Fortunately, there are alternatives. You can support small farms that raise animals humanely, don't use antibiotics or hormones and provide their animals with natural diets.
Bottom Line: Some object to killing animals for food, inhumane conditions on industrial farms or the environmental effects of raising livestock.
Here's how to ensure you're consuming meat in a way that's healthiest for you and the planet:
- Choose fresh products: Fresh meat will always be healthier for you than processed varieties.
- Give organ meats a try: Add these to your diet to take advantage of their high nutrient content.
- Minimize high-heat cooking: If you grill, barbecue or use another high-heat method, wipe away drippings right away and avoid overcooking or charring.
- Consume unprocessed, plant-based foods: These are high in fiber, contain valuable antioxidants and help make your diet well balanced.
- Choose organic meat from small farms: This is more environmentally friendly and better from an ethical perspective.
- Select grass-fed beef: Cattle that consume a natural diet of grass, rather than grain, produce meat that is higher in healthy omega-3 fatty acids and antioxidants (68, 69, 70).
Bottom Line: To maximize benefits and and minimize risk, choose fresh meat, avoid high-heat cooking, include plant foods in your diet and choose organic or grass-fed whenever possible.

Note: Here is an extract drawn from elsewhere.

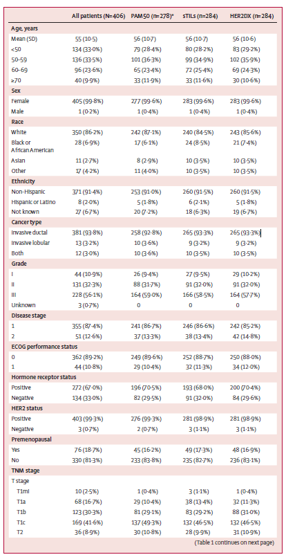 此外,研究者还分析了PAM50基因以确定具体亚型(luminal A、luminal B、HER2富集或基底细胞型),并根据国际TIL工作组指南,评估了sTILs,还对3例远处复发的患者的5个可用肿瘤样本进行了全外显子组测序(WES)。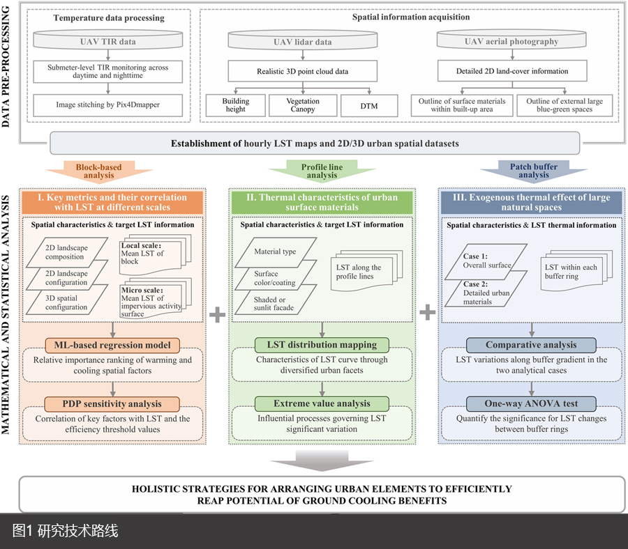 准确析取多样化城市景观元素及其空间形态特征对热环境的影响规律是明确城市降温设计策略的重要前提。然而,受到观测精度的限制,当前基于卫星反演的混合热像元难以精确捕捉异质化城市下垫面温度的时空分异,为探索城市空间特征的热效应及适应性设计带来了不确定性。利用无人机平台获取的亚米级地表温度(Land surface temperature,LST)数据及高精度三维空间信息,研究以武汉市为例在夏季日加热周期中评估城市空间形态特征、下垫面材质类型及大型蓝绿基础设施对建成环境内部热环境的综合影响,识别关键影响因子及其驱动机制,进而提炼改善城市热环境的高效设计策略。

Unprocessed and properly cooked meat has many nutrients and may have some health benefits. If you enjoy eating meat, then there is no compelling health or nutritional reason to stop.
However, if you don't feel right about eating animals, you can also stay healthy by following a well-balanced vegetarian diet.
Ultimately, whether you consume meat is a personal choice and one that others should respect.